**THE DATA**

────────────────────

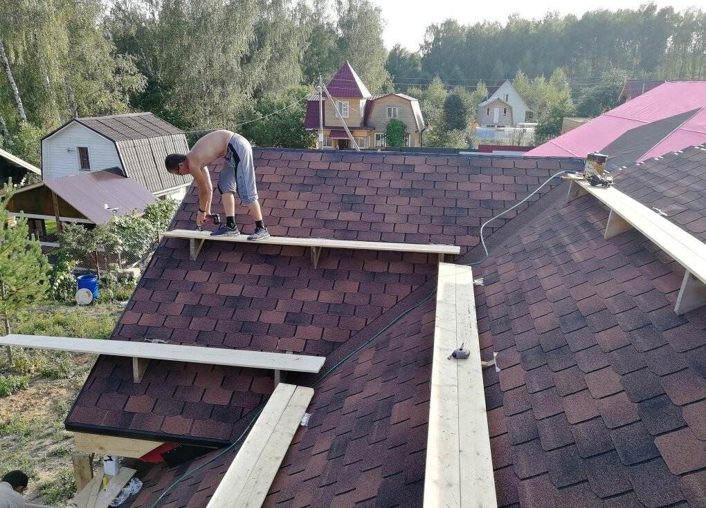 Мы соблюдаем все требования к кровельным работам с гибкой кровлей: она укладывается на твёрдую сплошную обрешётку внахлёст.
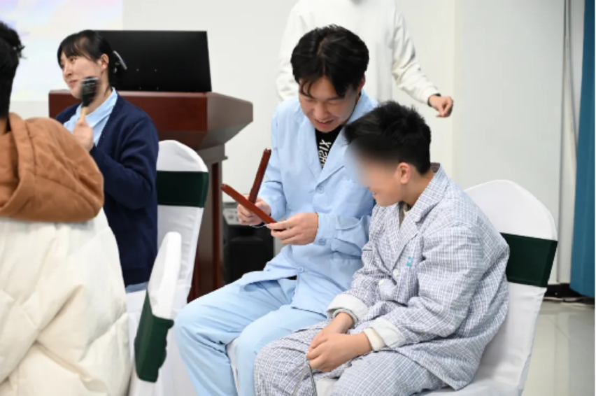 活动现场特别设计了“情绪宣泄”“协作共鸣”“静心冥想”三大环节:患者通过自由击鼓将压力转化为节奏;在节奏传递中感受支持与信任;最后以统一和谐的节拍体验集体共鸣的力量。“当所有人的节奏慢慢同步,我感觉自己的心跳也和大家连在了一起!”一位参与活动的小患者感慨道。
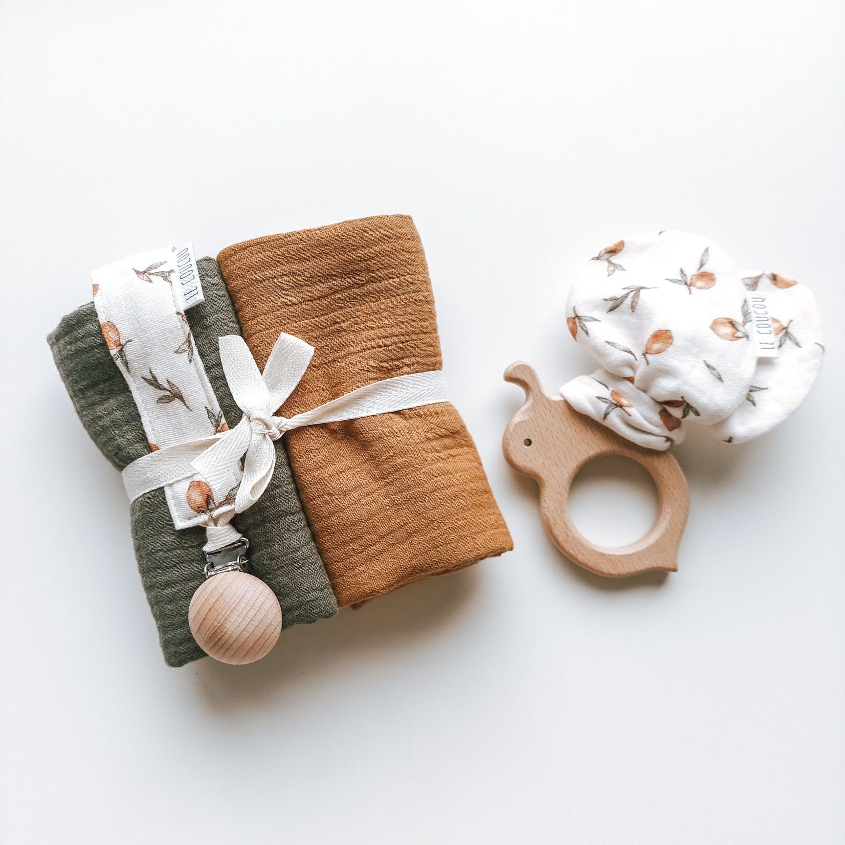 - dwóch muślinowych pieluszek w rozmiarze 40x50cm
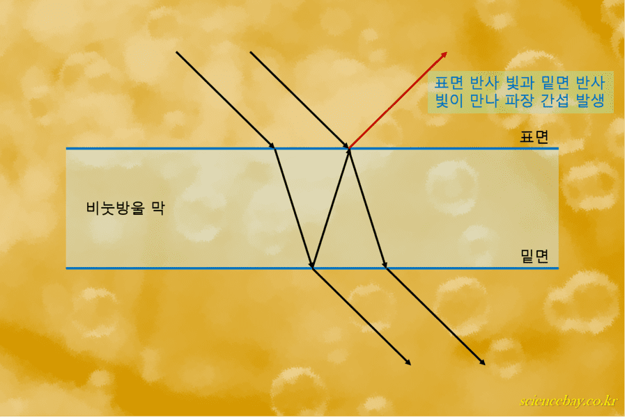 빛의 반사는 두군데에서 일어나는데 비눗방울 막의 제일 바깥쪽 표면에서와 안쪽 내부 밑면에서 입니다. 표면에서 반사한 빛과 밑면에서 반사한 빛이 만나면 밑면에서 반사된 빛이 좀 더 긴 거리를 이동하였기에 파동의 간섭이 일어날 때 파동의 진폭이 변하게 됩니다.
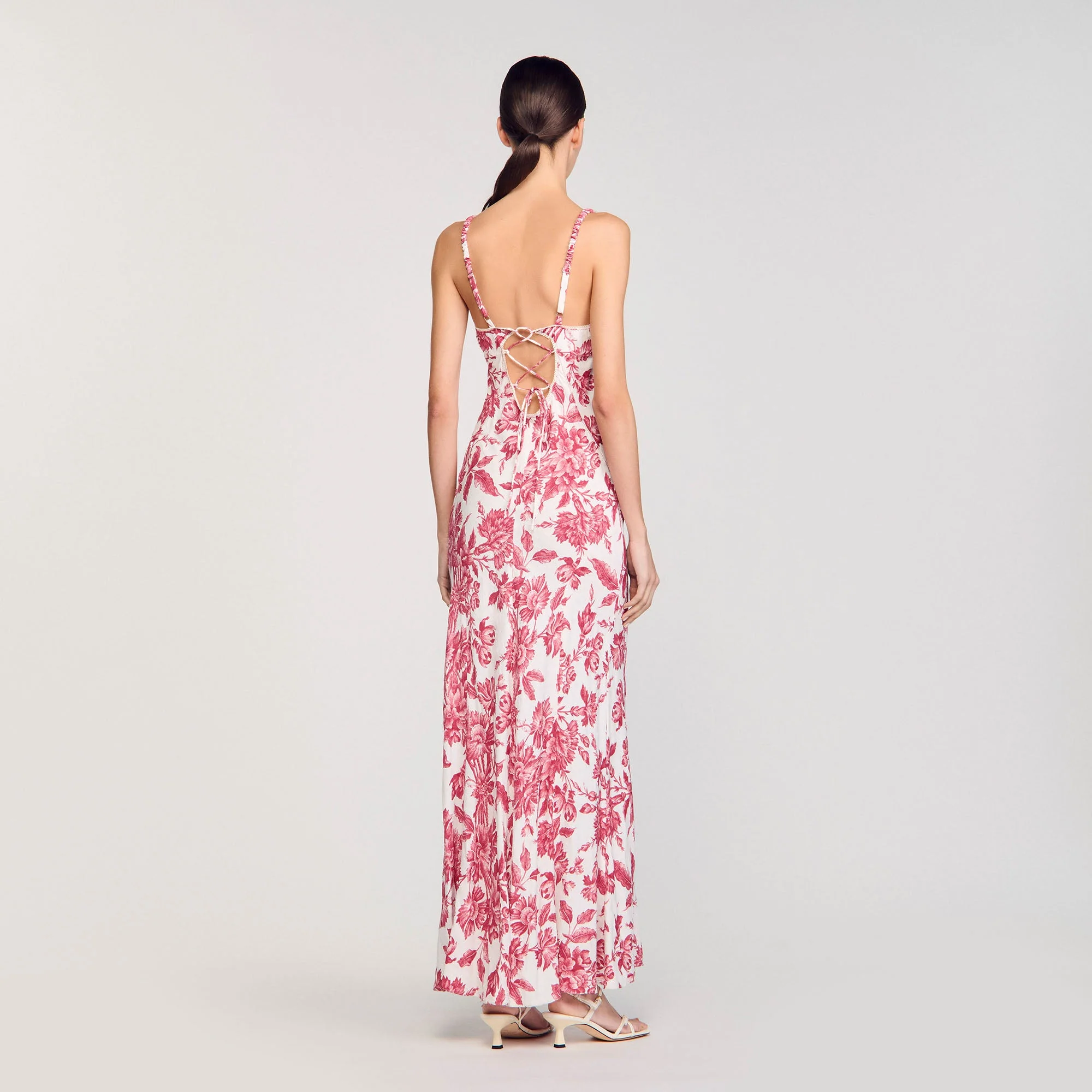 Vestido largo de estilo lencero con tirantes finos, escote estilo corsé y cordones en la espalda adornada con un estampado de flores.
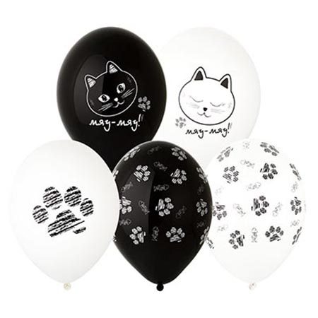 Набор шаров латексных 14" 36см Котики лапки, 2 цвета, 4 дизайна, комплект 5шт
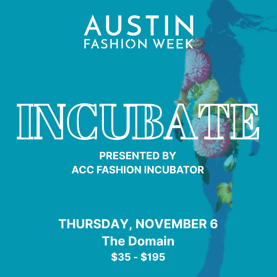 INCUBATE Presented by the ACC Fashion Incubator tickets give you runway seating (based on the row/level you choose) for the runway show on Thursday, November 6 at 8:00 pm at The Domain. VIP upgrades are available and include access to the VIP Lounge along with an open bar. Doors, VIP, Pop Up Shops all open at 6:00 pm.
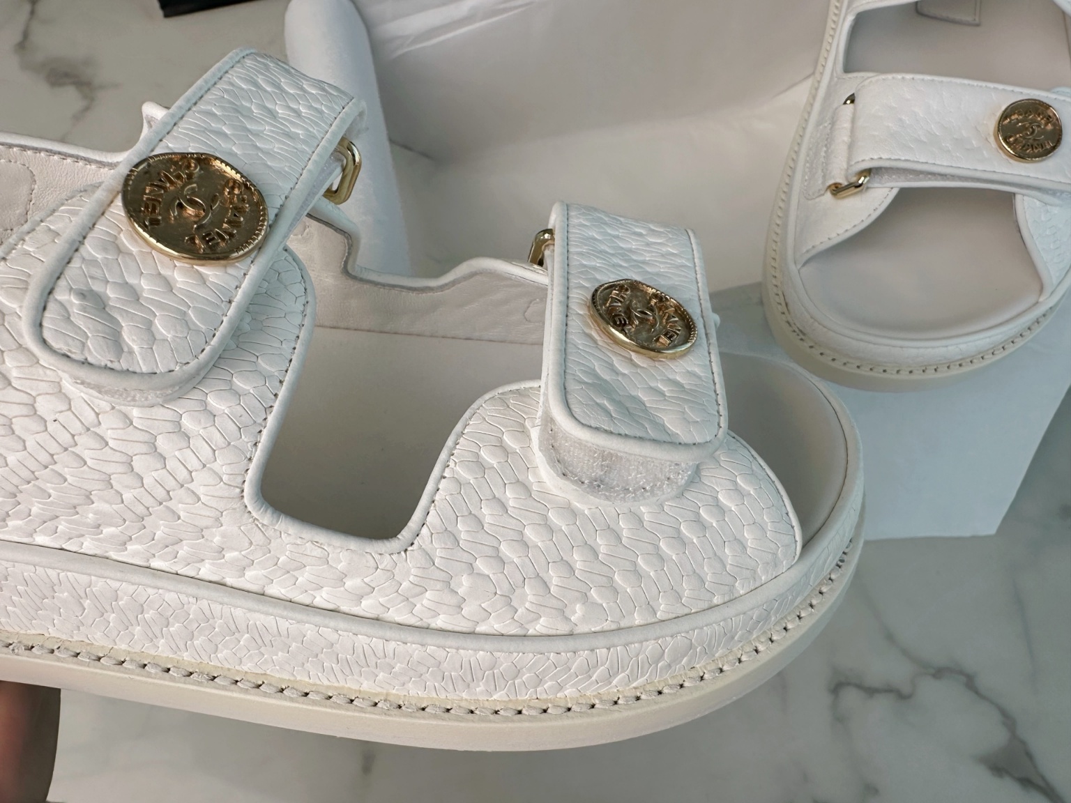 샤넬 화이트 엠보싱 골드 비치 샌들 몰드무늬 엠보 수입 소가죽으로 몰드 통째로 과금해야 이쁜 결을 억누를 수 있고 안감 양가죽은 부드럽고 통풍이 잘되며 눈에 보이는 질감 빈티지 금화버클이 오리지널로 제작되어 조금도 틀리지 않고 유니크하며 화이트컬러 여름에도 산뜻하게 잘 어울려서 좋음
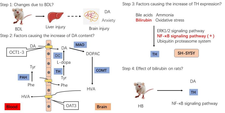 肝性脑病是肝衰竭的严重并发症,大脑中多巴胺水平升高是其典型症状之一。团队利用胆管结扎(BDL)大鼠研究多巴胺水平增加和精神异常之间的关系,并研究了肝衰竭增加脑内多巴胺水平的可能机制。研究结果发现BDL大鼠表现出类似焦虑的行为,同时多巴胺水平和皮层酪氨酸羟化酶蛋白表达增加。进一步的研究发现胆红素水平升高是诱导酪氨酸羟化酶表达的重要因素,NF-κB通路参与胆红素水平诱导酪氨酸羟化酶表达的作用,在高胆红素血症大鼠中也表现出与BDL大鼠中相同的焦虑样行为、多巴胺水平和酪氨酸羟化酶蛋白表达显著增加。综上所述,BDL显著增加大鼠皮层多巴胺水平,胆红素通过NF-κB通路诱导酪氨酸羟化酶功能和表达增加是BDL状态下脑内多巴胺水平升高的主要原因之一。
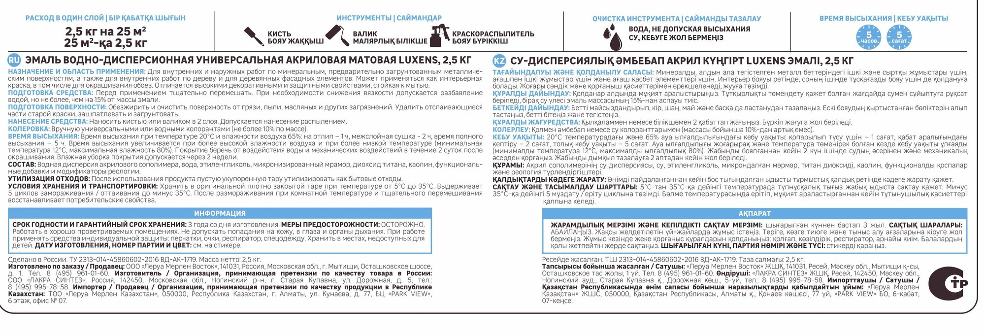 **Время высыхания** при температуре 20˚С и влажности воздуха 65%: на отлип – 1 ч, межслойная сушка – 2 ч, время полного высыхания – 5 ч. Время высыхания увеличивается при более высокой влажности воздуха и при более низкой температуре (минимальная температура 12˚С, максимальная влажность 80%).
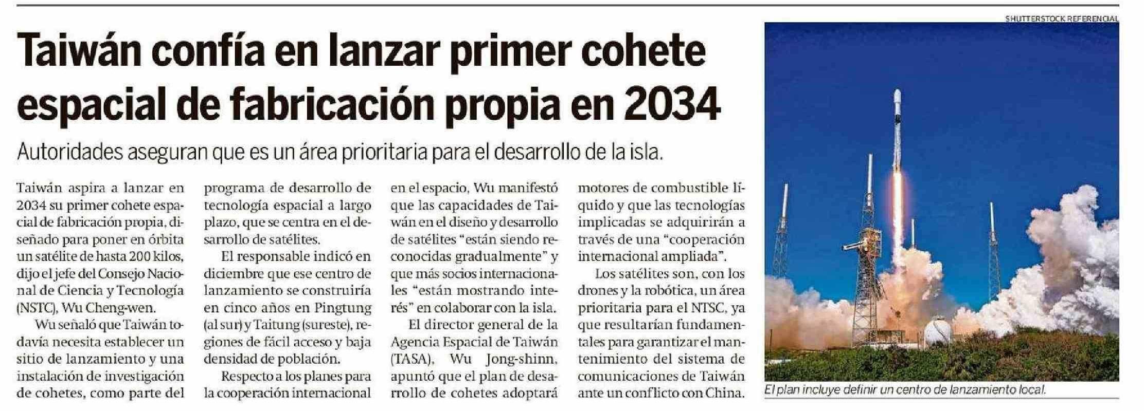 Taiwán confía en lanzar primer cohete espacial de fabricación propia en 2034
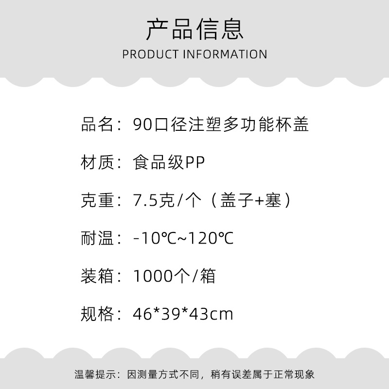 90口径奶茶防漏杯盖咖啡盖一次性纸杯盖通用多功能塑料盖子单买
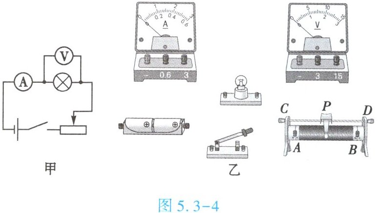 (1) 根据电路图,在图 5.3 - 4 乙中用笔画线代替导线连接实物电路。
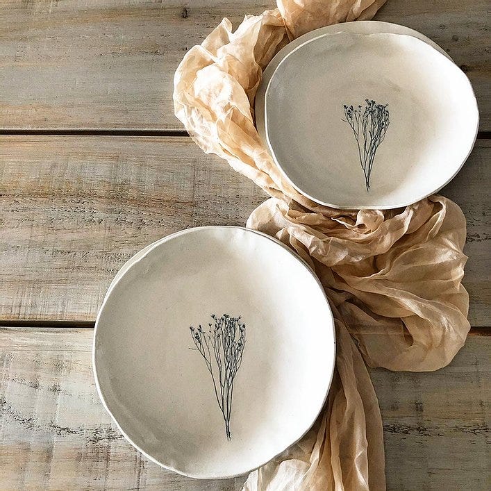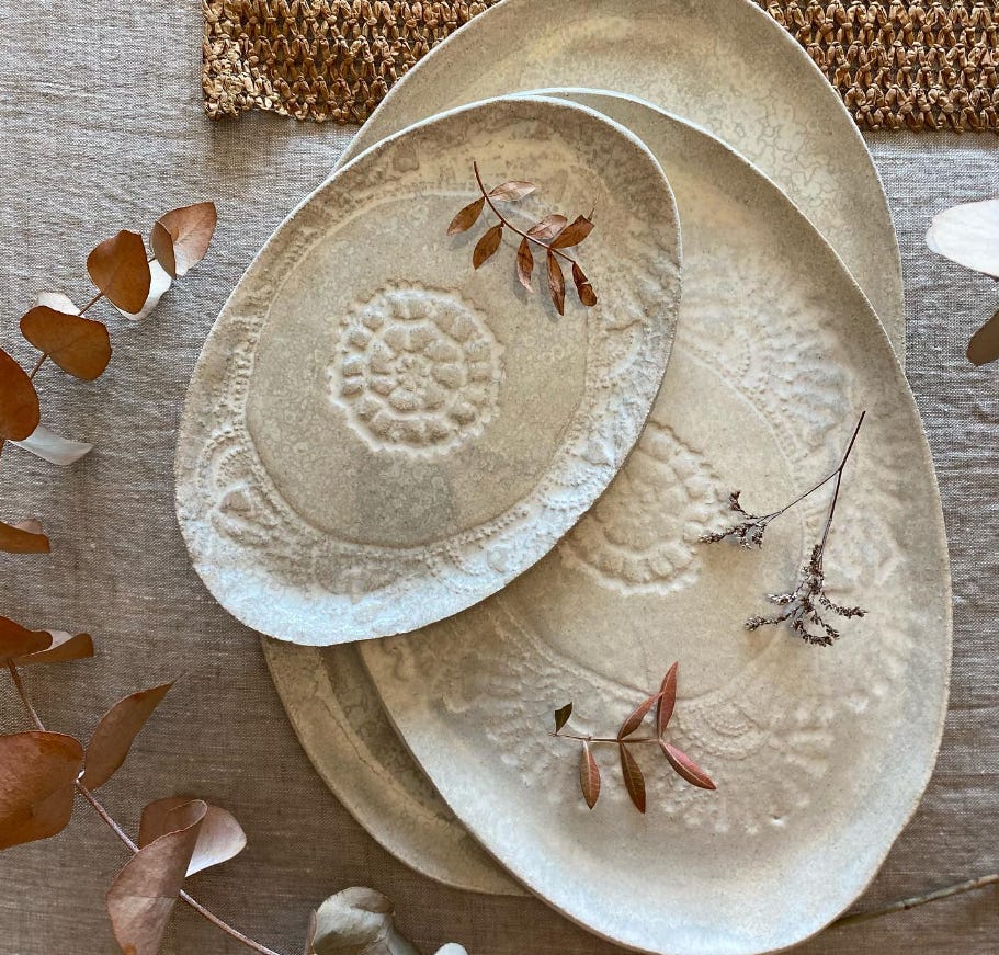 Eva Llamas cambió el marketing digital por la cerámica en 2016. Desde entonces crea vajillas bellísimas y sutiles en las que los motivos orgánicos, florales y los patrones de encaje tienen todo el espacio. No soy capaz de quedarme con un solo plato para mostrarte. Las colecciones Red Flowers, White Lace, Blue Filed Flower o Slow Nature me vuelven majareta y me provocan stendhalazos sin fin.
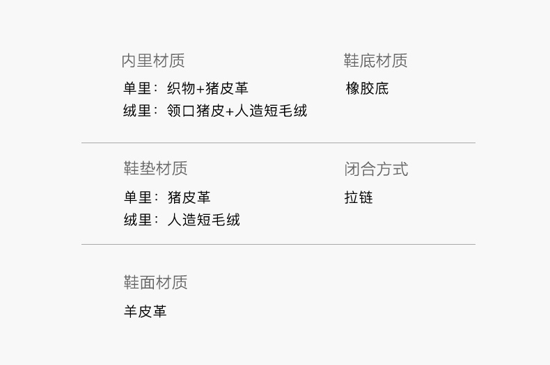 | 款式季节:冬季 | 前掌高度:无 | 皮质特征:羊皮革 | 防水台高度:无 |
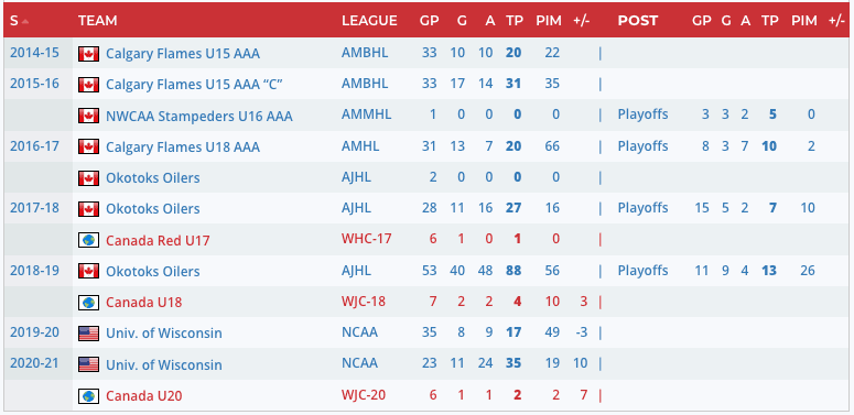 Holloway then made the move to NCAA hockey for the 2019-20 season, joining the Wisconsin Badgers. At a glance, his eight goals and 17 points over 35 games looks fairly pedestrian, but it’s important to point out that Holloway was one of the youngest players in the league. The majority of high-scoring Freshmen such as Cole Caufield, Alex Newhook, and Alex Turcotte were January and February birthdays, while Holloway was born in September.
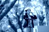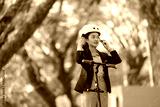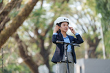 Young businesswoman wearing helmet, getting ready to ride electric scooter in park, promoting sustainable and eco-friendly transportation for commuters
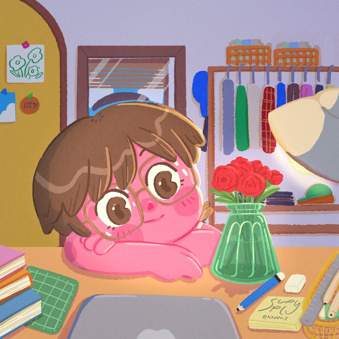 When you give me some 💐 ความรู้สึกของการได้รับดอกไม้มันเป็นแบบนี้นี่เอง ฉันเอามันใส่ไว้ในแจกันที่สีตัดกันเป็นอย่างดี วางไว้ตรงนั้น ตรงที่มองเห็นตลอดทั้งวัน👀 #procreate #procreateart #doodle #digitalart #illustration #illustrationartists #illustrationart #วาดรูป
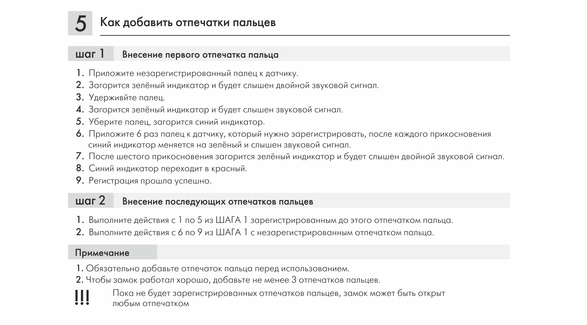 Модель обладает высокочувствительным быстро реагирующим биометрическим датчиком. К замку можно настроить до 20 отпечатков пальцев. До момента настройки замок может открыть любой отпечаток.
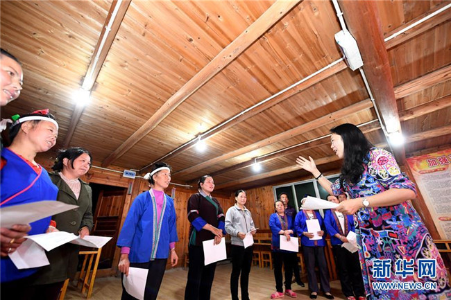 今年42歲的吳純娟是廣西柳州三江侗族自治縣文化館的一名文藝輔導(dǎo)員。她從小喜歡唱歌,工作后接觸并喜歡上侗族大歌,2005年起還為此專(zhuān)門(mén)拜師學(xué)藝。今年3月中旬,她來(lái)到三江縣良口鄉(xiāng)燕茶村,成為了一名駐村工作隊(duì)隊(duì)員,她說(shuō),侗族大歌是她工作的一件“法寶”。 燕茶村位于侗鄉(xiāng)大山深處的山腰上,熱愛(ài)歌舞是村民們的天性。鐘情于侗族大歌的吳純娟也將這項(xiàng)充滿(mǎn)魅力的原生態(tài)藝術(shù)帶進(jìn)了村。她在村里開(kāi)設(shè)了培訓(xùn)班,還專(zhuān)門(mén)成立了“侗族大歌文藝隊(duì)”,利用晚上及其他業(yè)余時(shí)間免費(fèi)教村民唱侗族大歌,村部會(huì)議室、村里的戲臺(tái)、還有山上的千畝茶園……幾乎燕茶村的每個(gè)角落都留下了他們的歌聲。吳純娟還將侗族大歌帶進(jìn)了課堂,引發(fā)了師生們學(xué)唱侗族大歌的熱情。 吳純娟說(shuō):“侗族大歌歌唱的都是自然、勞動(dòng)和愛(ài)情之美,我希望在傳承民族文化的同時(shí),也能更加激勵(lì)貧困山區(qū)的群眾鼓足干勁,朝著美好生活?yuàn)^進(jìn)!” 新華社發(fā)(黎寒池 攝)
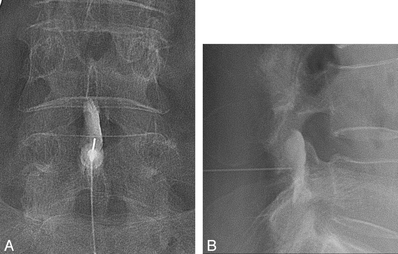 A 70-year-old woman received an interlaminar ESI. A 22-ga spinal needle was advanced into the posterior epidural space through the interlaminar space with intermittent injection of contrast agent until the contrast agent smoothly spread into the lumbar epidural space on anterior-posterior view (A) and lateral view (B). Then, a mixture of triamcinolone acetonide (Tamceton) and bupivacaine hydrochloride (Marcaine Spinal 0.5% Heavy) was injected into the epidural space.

────────────────────

**WHAT YOU ARE ASKED TO DO**
Give exactly the lines above that run from the line with "- dwóch muślinowych" to the line with "皮质特征:羊皮革 | 防水台高度:无 |", both included, leaving every picture out.

**RESPONSE**
 - dwóch muślinowych pieluszek w rozmiarze 40x50cm
 빛의 반사는 두군데에서 일어나는데 비눗방울 막의 제일 바깥쪽 표면에서와 안쪽 내부 밑면에서 입니다. 표면에서 반사한 빛과 밑면에서 반사한 빛이 만나면 밑면에서 반사된 빛이 좀 더 긴 거리를 이동하였기에 파동의 간섭이 일어날 때 파동의 진폭이 변하게 됩니다.
 Vestido largo de estilo lencero con tirantes finos, escote estilo corsé y cordones en la espalda adornada con un estampado de flores.
 Набор шаров латексных 14" 36см Котики лапки, 2 цвета, 4 дизайна, комплект 5шт
 INCUBATE Presented by the ACC Fashion Incubator tickets give you runway seating (based on the row/level you choose) for the runway show on Thursday, November 6 at 8:00 pm at The Domain. VIP upgrades are available and include access to the VIP Lounge along with an open bar. Doors, VIP, Pop Up Shops all open at 6:00 pm.
 샤넬 화이트 엠보싱 골드 비치 샌들 몰드무늬 엠보 수입 소가죽으로 몰드 통째로 과금해야 이쁜 결을 억누를 수 있고 안감 양가죽은 부드럽고 통풍이 잘되며 눈에 보이는 질감 빈티지 금화버클이 오리지널로 제작되어 조금도 틀리지 않고 유니크하며 화이트컬러 여름에도 산뜻하게 잘 어울려서 좋음
 肝性脑病是肝衰竭的严重并发症,大脑中多巴胺水平升高是其典型症状之一。团队利用胆管结扎(BDL)大鼠研究多巴胺水平增加和精神异常之间的关系,并研究了肝衰竭增加脑内多巴胺水平的可能机制。研究结果发现BDL大鼠表现出类似焦虑的行为,同时多巴胺水平和皮层酪氨酸羟化酶蛋白表达增加。进一步的研究发现胆红素水平升高是诱导酪氨酸羟化酶表达的重要因素,NF-κB通路参与胆红素水平诱导酪氨酸羟化酶表达的作用,在高胆红素血症大鼠中也表现出与BDL大鼠中相同的焦虑样行为、多巴胺水平和酪氨酸羟化酶蛋白表达显著增加。综上所述,BDL显著增加大鼠皮层多巴胺水平,胆红素通过NF-κB通路诱导酪氨酸羟化酶功能和表达增加是BDL状态下脑内多巴胺水平升高的主要原因之一。
 **Время высыхания** при температуре 20˚С и влажности воздуха 65%: на отлип – 1 ч, межслойная сушка – 2 ч, время полного высыхания – 5 ч. Время высыхания увеличивается при более высокой влажности воздуха и при более низкой температуре (минимальная температура 12˚С, максимальная влажность 80%).
 Taiwán confía en lanzar primer cohete espacial de fabricación propia en 2034
 90口径奶茶防漏杯盖咖啡盖一次性纸杯盖通用多功能塑料盖子单买
 (1) 根据电路图,在图 5.3 - 4 乙中用笔画线代替导线连接实物电路。
 Eva Llamas cambió el marketing digital por la cerámica en 2016. Desde entonces crea vajillas bellísimas y sutiles en las que los motivos orgánicos, florales y los patrones de encaje tienen todo el espacio. No soy capaz de quedarme con un solo plato para mostrarte. Las colecciones Red Flowers, White Lace, Blue Filed Flower o Slow Nature me vuelven majareta y me provocan stendhalazos sin fin.
 | 款式季节:冬季 | 前掌高度:无 | 皮质特征:羊皮革 | 防水台高度:无 |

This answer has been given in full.